::: RECORDS :::

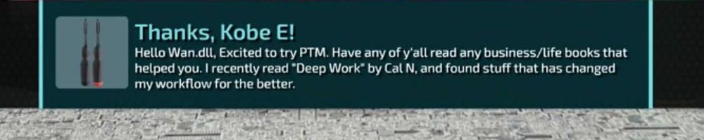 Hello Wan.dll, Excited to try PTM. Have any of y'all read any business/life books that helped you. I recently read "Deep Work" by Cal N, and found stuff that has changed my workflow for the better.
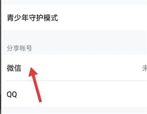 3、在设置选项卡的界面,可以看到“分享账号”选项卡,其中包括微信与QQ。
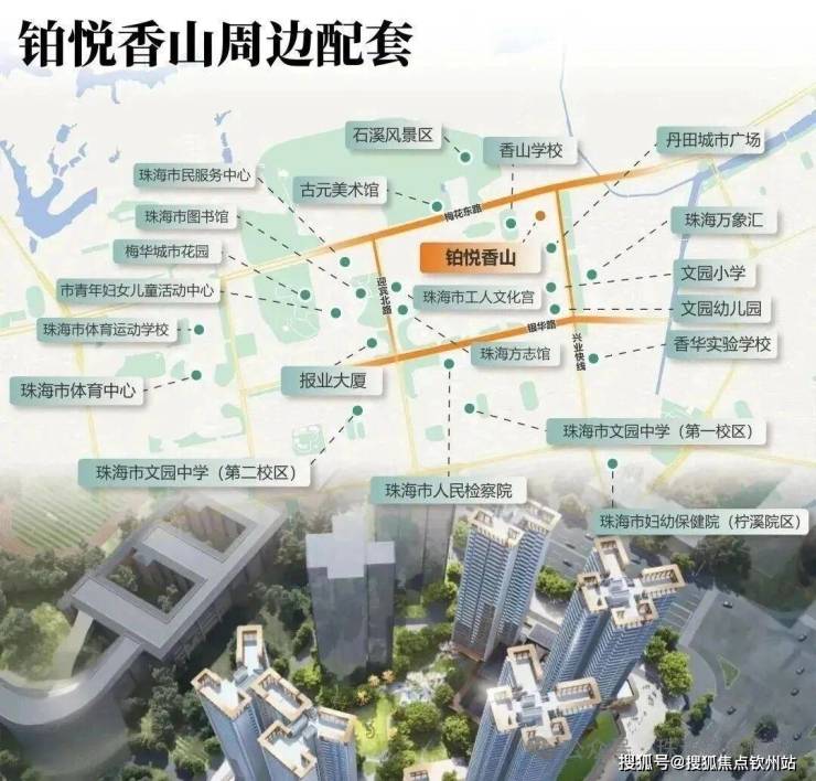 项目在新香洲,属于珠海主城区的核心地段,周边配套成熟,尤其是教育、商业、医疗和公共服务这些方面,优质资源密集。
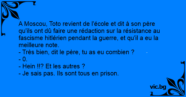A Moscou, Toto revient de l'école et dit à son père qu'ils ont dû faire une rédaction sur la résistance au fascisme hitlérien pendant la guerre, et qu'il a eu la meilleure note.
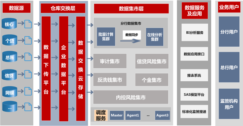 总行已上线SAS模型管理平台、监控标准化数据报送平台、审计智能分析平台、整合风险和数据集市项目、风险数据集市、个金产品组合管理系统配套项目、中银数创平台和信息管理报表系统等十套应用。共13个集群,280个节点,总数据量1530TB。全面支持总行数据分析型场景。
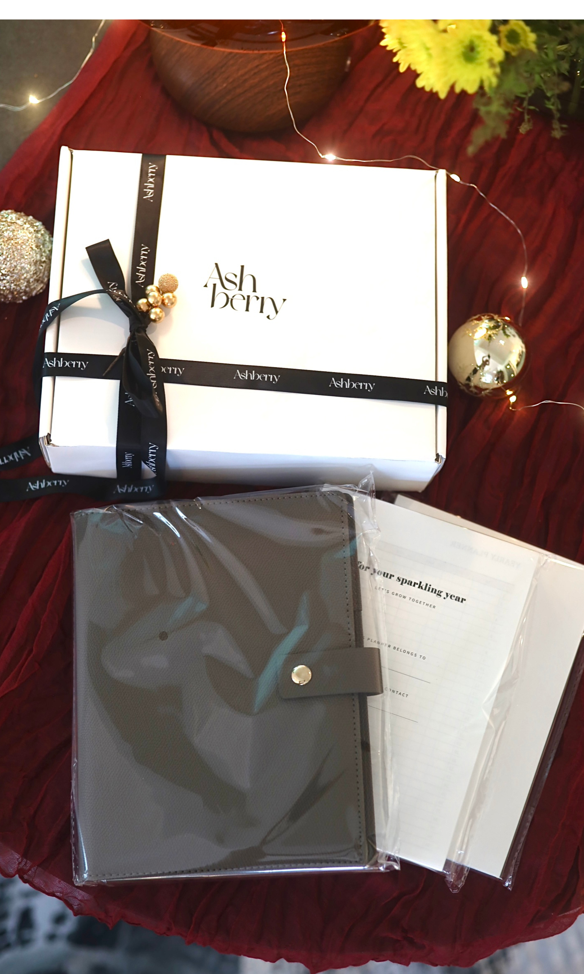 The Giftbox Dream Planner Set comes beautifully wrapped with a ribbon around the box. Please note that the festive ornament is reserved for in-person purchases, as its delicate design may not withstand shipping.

:::

▶ _WHAT IS EXPECTED_: The answer must consist solely of the lines from the line containing "总行已上线SAS模型管理平台" to the end of the data, reproduced exactly, with every picture left out.

▶ _THE COMPLETED TASK_:
 总行已上线SAS模型管理平台、监控标准化数据报送平台、审计智能分析平台、整合风险和数据集市项目、风险数据集市、个金产品组合管理系统配套项目、中银数创平台和信息管理报表系统等十套应用。共13个集群,280个节点,总数据量1530TB。全面支持总行数据分析型场景。
 The Giftbox Dream Planner Set comes beautifully wrapped with a ribbon around the box. Please note that the festive ornament is reserved for in-person purchases, as its delicate design may not withstand shipping.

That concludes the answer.